A juvenile polyp is a growth that projects from the lining of the intestine and originates in the tissues supporting that lining. It does not arise from the colonocytes (colonic lining cells) themselves but from the tissues underneath the lining cells. It is not neoplastic but hamartomatous. A hamartoma is a growth that arises from normal tissues. It is self-limiting and benign.
Juvenile polyps are relatively common in children. To look at, they are bright red. They present with bleeding, or, if they are in the lower rectum, they may prolapse outside the anus.
Juvenile polyps can be solitary or multiple. Multiple juvenile polyps (more than five) are termed Juvenile Polyposis.
Juvenile Polyposis may or may not be familial. Familial Juvenile Polyposis has been associated with mutations in two genes: SMAD4 on chromosome 18 and PTEN on chromosome 10. It has been estimated that SMAD4 mutations account for 25 percent of Juvenile Polyposis families. Testing for mutations in this gene is only available for research purposes. When commercially available, gene testing can be offered to families with Juvenile Polyposis. If a mutation is found, testing can be offered to relatives who are at risk of developing this condition.

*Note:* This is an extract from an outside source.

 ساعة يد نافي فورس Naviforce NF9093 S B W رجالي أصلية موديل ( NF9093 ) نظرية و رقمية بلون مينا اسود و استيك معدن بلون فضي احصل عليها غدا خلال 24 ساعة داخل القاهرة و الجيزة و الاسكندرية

Juvenile Polyposis can cause polyps in the large intestine, small intestine and stomach. Usually, colorectal polyps are the ones that cause symptoms, such as bleeding, diarrhea, abdominal cramps and anemia.

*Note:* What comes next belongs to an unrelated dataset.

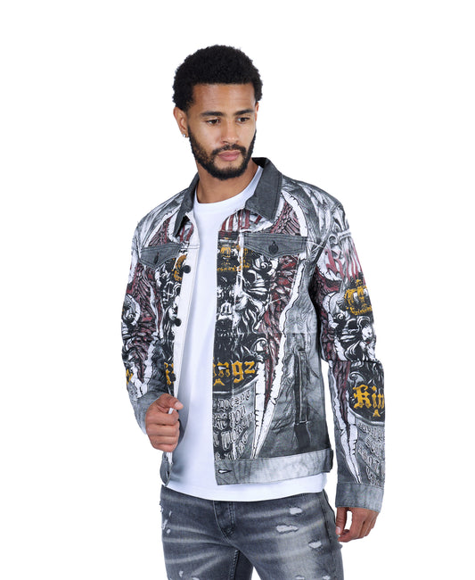 KINGZ Herren Designer Jeansjacke, Slim Fit, Modell 1536 Colorblind

In such cases, several types of operations can be performed, which are the same ones offered to patients with familial adenomatous polyposis. These include colectomy and ileorectal anastomosis, proctocolectomy and pouch, or proctocolectomy and ileostomy.
There is a small but significant risk of cancer in patients with Juvenile Polyposis, mostly due to development of adenomatous tissue in juvenile polyps. This is reason to offer surgery when there are too many polyps to treat endoscopically.

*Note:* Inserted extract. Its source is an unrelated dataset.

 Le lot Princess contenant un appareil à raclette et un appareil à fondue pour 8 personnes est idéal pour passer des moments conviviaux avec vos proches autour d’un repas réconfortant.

Recommendations for screening a patient with Juvenile Polyposis include an upper and lower endoscopy every year with removal of colonic polyps and any large upper intestinal polyps. If no polyps are seen, the examinations can be done less often (every two to three years). In at-risk relatives with no genetic information, screening should start in their late teens. Genetic testing is not a common practice since it is still considered a research tool.